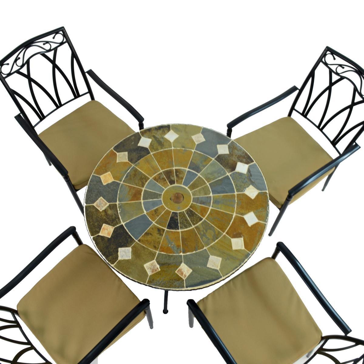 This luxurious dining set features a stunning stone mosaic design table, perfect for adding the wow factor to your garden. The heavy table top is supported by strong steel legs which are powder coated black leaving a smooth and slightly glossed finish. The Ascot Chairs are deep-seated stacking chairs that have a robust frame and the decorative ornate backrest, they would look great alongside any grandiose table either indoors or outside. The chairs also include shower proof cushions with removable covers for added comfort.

==

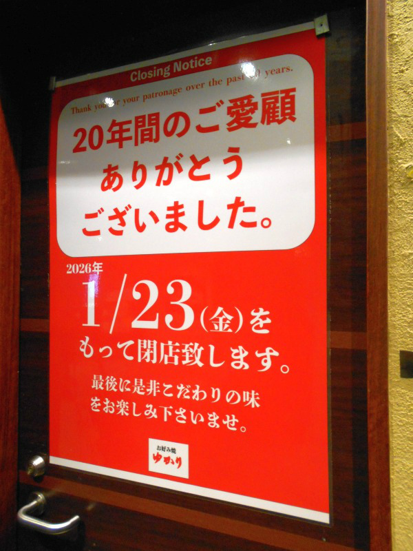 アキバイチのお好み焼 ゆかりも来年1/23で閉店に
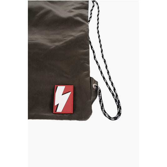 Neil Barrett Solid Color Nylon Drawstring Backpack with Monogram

...

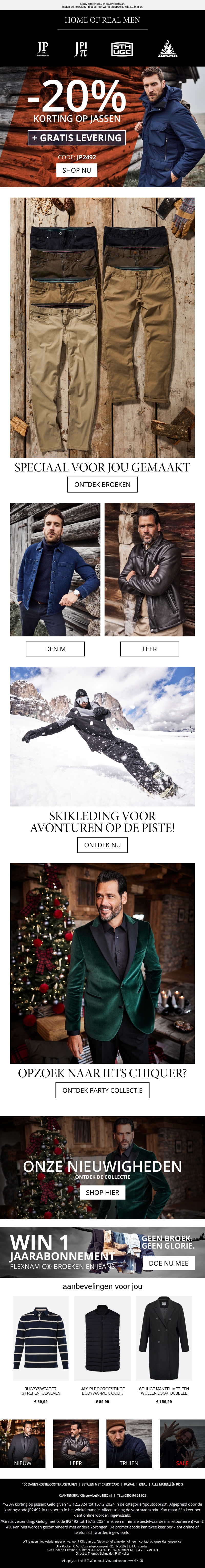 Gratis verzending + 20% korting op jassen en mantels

> _Problem statement_
Nothing but the lines from the one with "アキバイチのお好み焼 ゆかりも来年1/23で閉店に" up to and including the one with "Neil Barrett Solid" should be printed, exactly as they read above. Please keep the pictures out.

> _Result of this exercise_
 アキバイチのお好み焼 ゆかりも来年1/23で閉店に
 Neil Barrett Solid Color Nylon Drawstring Backpack with Monogram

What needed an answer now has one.